## Source data
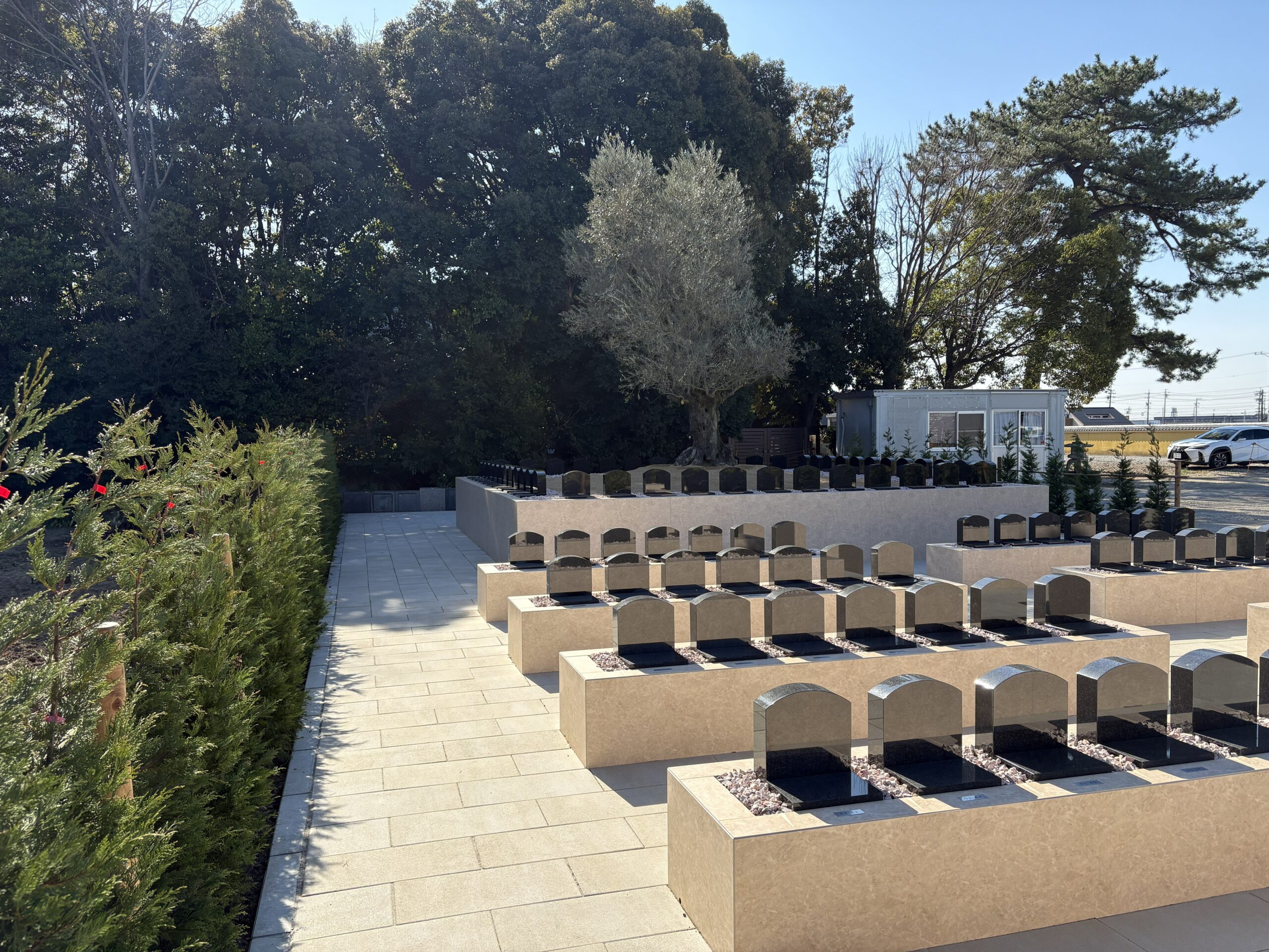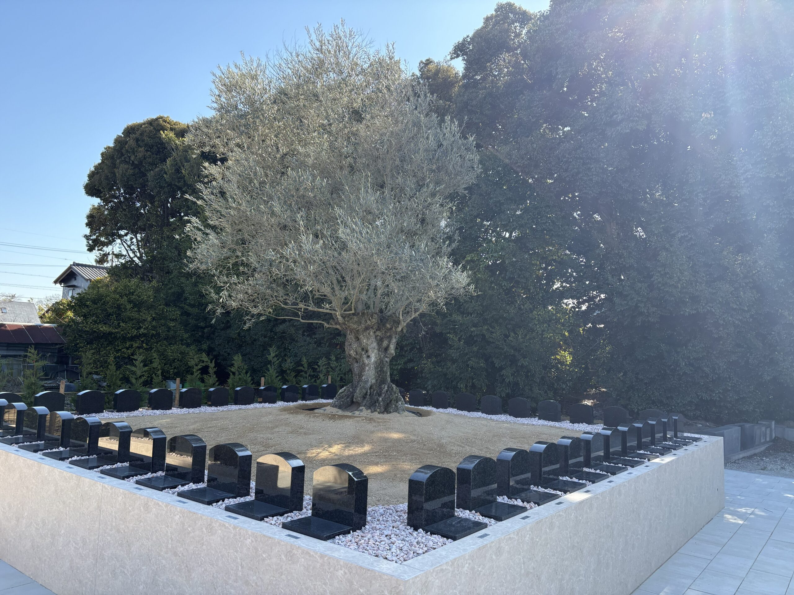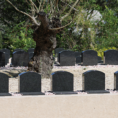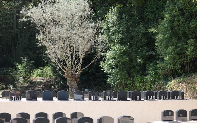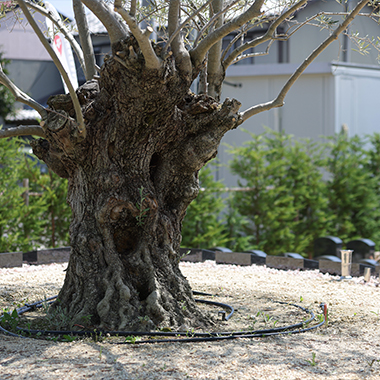 古木オリーブを奥に見据え、緑に囲まれた雰囲気のお墓になります。多彩な彫刻オプションで、各々の家族らしいお墓をつくってください。
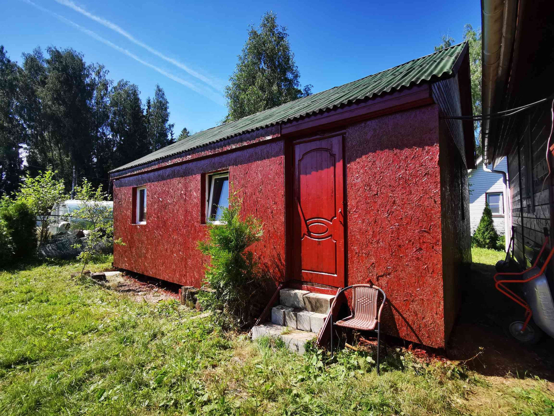 2. Рядом расположен гостевой дом, площадь 44,3 м2. Этот дом можно оборудовать и под мастерскую, и под баню, и непосредственно использовать как жилой дом для родственников, друзей, гостей. Кадастровый номер 50:09:0050525:1355. Одна жилая комната, есть печка, по лестнице подъём на жилую антресоль. Есть помещения под с/узел и кухню. Новая электрическая проводка. При небольших вложениях можно сделать дом для автономного проживания - завести воду в дом из колодца и вывод сточных вод в Септик.
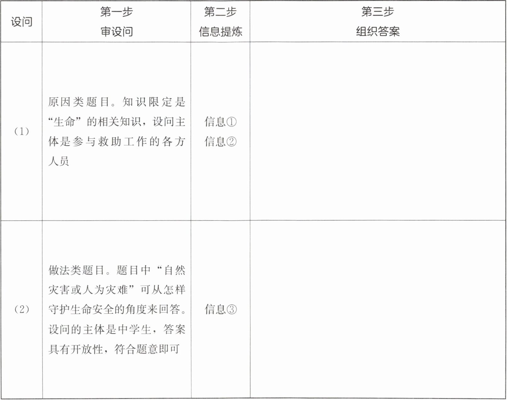 | (2) | 做法类题目。题目中“自然灾害或人为灾难”可从怎样守护生命安全的角度来回答。设问的主体是中学生,答案具有开放性,符合题意即可 | 信息③ | |

## Exercise objective
The answer is the listing above restated word for word, pictures removed.

## Finished exercise
 古木オリーブを奥に見据え、緑に囲まれた雰囲気のお墓になります。多彩な彫刻オプションで、各々の家族らしいお墓をつくってください。
 2. Рядом расположен гостевой дом, площадь 44,3 м2. Этот дом можно оборудовать и под мастерскую, и под баню, и непосредственно использовать как жилой дом для родственников, друзей, гостей. Кадастровый номер 50:09:0050525:1355. Одна жилая комната, есть печка, по лестнице подъём на жилую антресоль. Есть помещения под с/узел и кухню. Новая электрическая проводка. При небольших вложениях можно сделать дом для автономного проживания - завести воду в дом из колодца и вывод сточных вод в Септик.
 | (2) | 做法类题目。题目中“自然灾害或人为灾难”可从怎样守护生命安全的角度来回答。设问的主体是中学生,答案具有开放性,符合题意即可 | 信息③ | |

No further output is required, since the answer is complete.